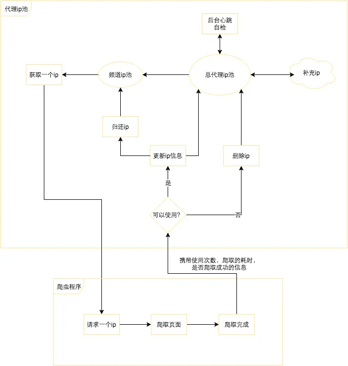 由上图所示,左侧是形成了整个流程的闭环,从爬虫程序以独占的方式拿到一个代理 ip 到爬取完成归还 ip。这个流程其实是不太严谨的,如果爬虫程序异常中断,就会导致 ip 无法归还,就会导致这个 ip 无法循环利用。但是由于代理 ip 本身的特点,量多而且循环利用的价值并不大,所以这种情况就let it go。
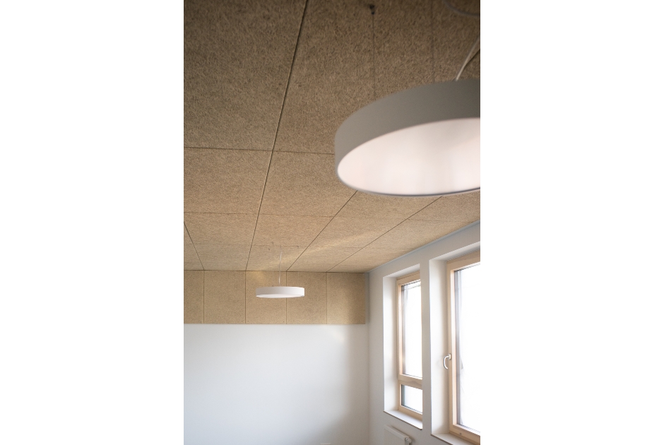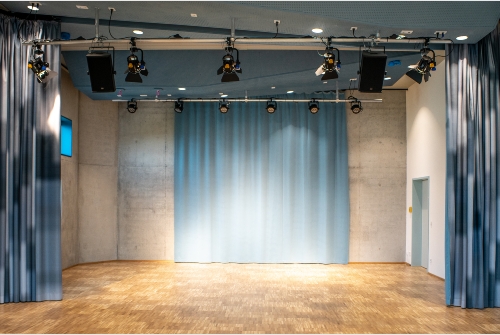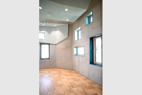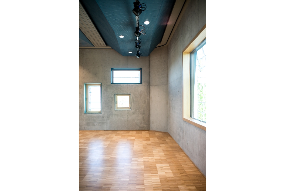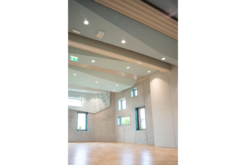 Im Obergeschoss ragt der höhere Gebäudekörper des mehrfach nutzbaren Festsaals wie ein Schiffsbug in die Landschaft. In ihm verbinden sich Technik, Beheizung und Akustikmaßnahmen zu einer sinnlich skulptural gefalteten Deckenlandschaft, im Farbverlauf des Himmels. An den vieleckigen Kuben bricht sich das durch die unterschiedlich großen Fensteröffnungen scheinenden Lichts, auf immer wieder neue Art und Weise.
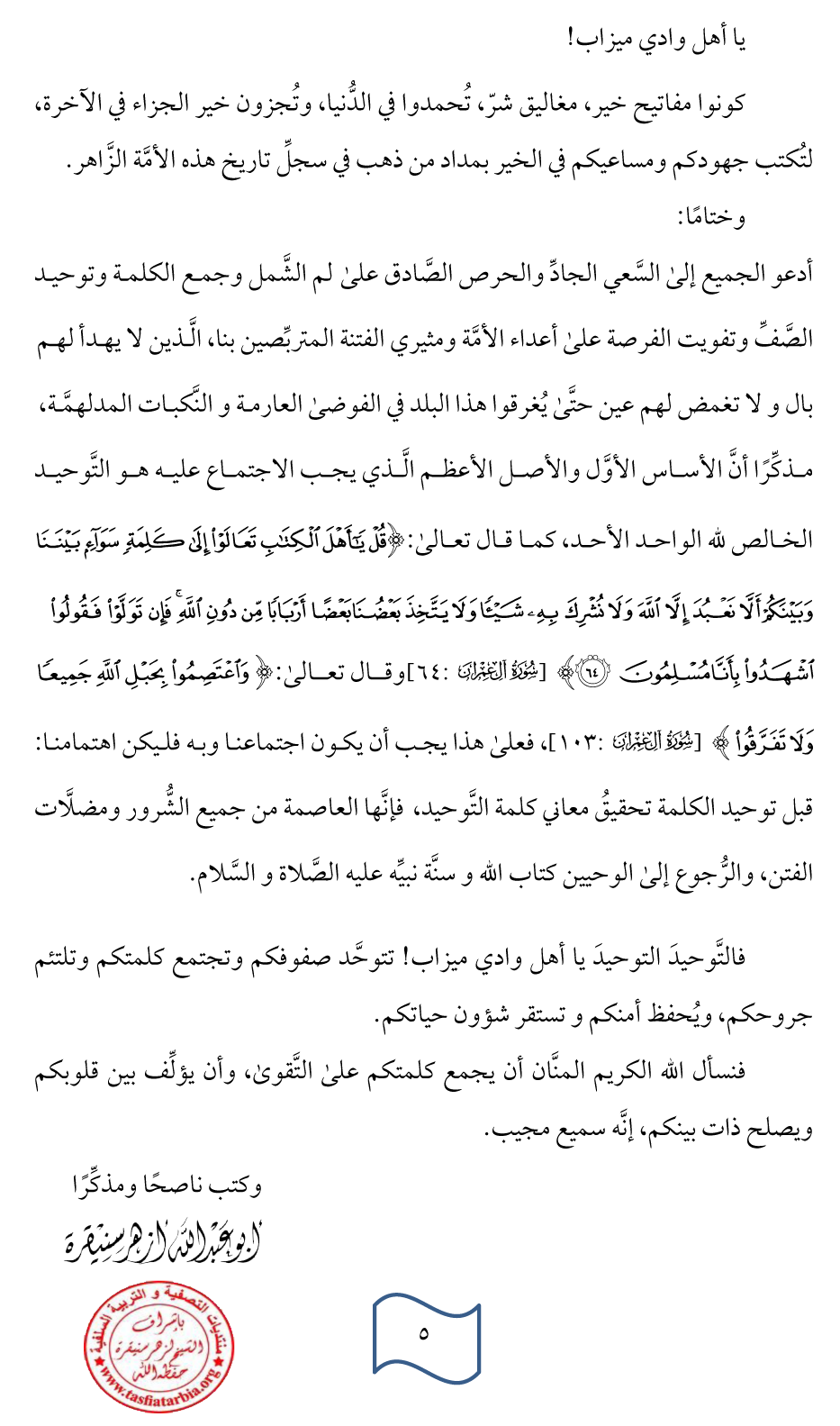 نسأل الله عزوجل أن تجد هذه النصيحة وهذا النداء آذان صاغية، وقلوبا واعية، ونسأله سبحانه بأسمائه الحسنى وصفاته العلا أن يحفظ بلادنا من كيد الكائدين وحقد الحاقدين،وأن يجعله بلدا آمنا مطمئنا وسائر بلاد المسلمين وأن يجمعنا على الكتاب والسنة بفهم سلفنا الصالح رضوان الله عليهم أجمعين.

※

EXERCISE REQUIREMENTS
If you see a picture in the listing, skip it while copying everything else exactly.

EXPECTED OUTPUT
 由上图所示,左侧是形成了整个流程的闭环,从爬虫程序以独占的方式拿到一个代理 ip 到爬取完成归还 ip。这个流程其实是不太严谨的,如果爬虫程序异常中断,就会导致 ip 无法归还,就会导致这个 ip 无法循环利用。但是由于代理 ip 本身的特点,量多而且循环利用的价值并不大,所以这种情况就let it go。
 Im Obergeschoss ragt der höhere Gebäudekörper des mehrfach nutzbaren Festsaals wie ein Schiffsbug in die Landschaft. In ihm verbinden sich Technik, Beheizung und Akustikmaßnahmen zu einer sinnlich skulptural gefalteten Deckenlandschaft, im Farbverlauf des Himmels. An den vieleckigen Kuben bricht sich das durch die unterschiedlich großen Fensteröffnungen scheinenden Lichts, auf immer wieder neue Art und Weise.
 نسأل الله عزوجل أن تجد هذه النصيحة وهذا النداء آذان صاغية، وقلوبا واعية، ونسأله سبحانه بأسمائه الحسنى وصفاته العلا أن يحفظ بلادنا من كيد الكائدين وحقد الحاقدين،وأن يجعله بلدا آمنا مطمئنا وسائر بلاد المسلمين وأن يجمعنا على الكتاب والسنة بفهم سلفنا الصالح رضوان الله عليهم أجمعين.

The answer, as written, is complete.